- _WHAT NEEDS TO BE DONE_: Write out, word for word and with no pictures, each line below from the one containing "Botník Verity TYP" through the one containing "Dez unidades de", both included, and no other line.

- _RECORDS FOR PROCESSING_:
┌──
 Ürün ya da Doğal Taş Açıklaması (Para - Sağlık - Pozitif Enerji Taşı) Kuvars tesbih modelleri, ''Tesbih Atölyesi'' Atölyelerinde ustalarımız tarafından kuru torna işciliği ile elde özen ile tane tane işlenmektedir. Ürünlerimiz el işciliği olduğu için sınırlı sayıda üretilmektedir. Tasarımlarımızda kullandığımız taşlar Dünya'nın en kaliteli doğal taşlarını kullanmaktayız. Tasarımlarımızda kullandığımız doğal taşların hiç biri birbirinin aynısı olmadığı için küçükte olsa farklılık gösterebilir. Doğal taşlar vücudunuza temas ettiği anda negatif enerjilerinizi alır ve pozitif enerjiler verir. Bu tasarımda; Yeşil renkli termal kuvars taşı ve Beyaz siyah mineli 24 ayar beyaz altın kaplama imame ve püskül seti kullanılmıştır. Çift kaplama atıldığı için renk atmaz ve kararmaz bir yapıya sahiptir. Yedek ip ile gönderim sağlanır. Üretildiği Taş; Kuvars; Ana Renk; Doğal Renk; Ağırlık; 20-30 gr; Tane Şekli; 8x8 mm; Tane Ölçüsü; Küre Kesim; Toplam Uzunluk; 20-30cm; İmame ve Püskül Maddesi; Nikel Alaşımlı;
└──
┌──
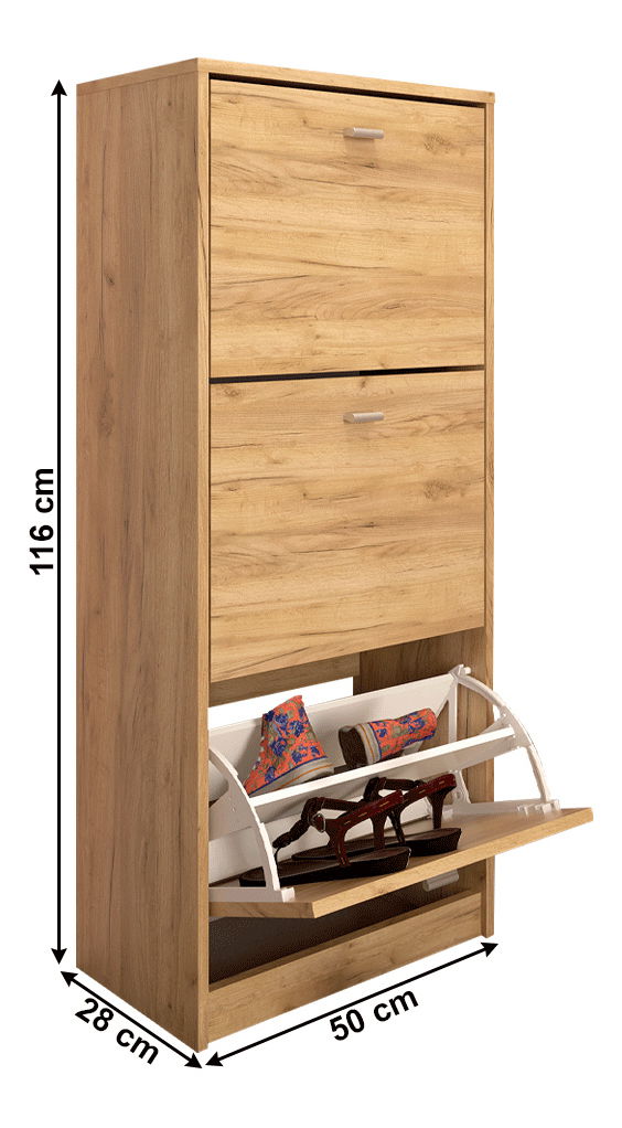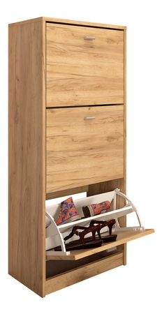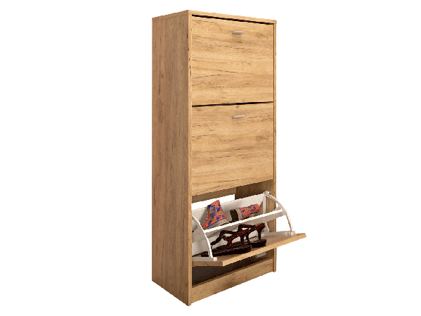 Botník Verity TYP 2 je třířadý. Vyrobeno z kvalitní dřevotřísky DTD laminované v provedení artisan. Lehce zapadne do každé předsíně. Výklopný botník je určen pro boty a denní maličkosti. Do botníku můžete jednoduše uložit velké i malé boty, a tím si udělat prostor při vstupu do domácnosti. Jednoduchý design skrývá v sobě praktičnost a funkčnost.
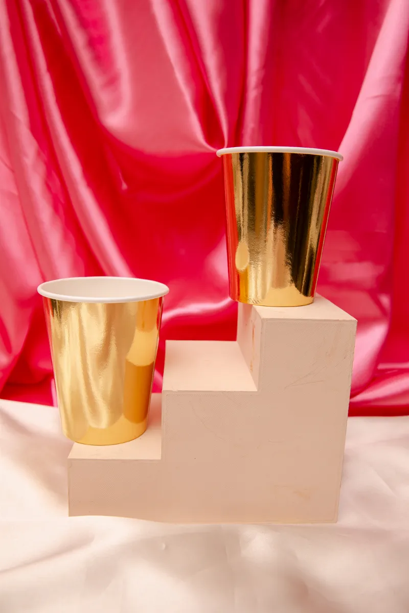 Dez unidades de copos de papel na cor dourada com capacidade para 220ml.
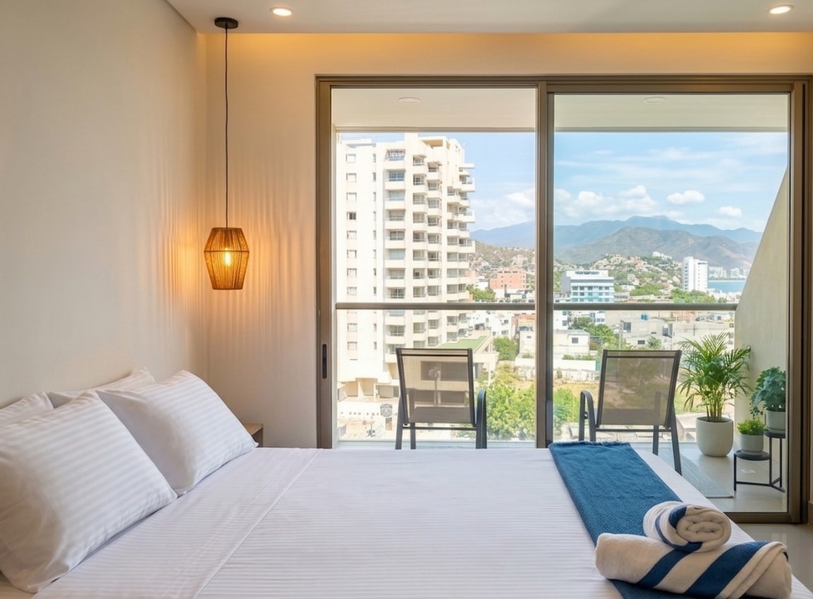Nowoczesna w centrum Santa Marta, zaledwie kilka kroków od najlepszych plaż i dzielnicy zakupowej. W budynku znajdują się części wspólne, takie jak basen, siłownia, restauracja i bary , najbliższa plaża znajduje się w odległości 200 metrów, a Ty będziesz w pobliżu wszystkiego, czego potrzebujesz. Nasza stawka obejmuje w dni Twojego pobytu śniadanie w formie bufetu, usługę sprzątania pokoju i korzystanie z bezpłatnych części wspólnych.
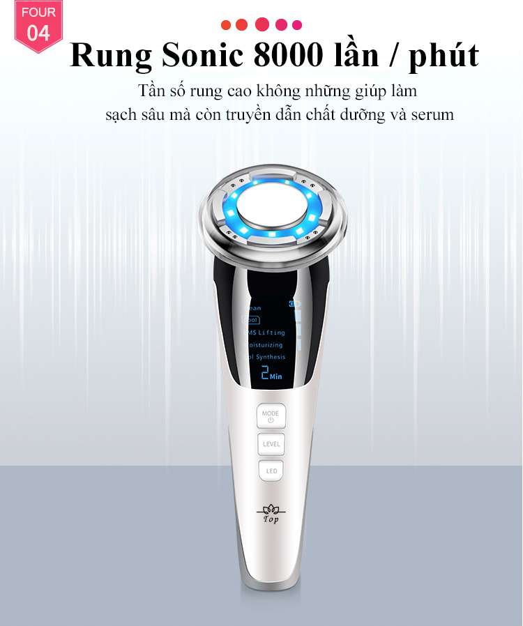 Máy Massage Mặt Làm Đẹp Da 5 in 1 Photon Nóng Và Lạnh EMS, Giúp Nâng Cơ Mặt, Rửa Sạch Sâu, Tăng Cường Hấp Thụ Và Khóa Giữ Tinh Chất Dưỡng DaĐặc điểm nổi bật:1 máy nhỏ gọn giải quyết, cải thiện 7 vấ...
└──
- _RESULT OF THE TASK_:
 Botník Verity TYP 2 je třířadý. Vyrobeno z kvalitní dřevotřísky DTD laminované v provedení artisan. Lehce zapadne do každé předsíně. Výklopný botník je určen pro boty a denní maličkosti. Do botníku můžete jednoduše uložit velké i malé boty, a tím si udělat prostor při vstupu do domácnosti. Jednoduchý design skrývá v sobě praktičnost a funkčnost.
 Dez unidades de copos de papel na cor dourada com capacidade para 220ml.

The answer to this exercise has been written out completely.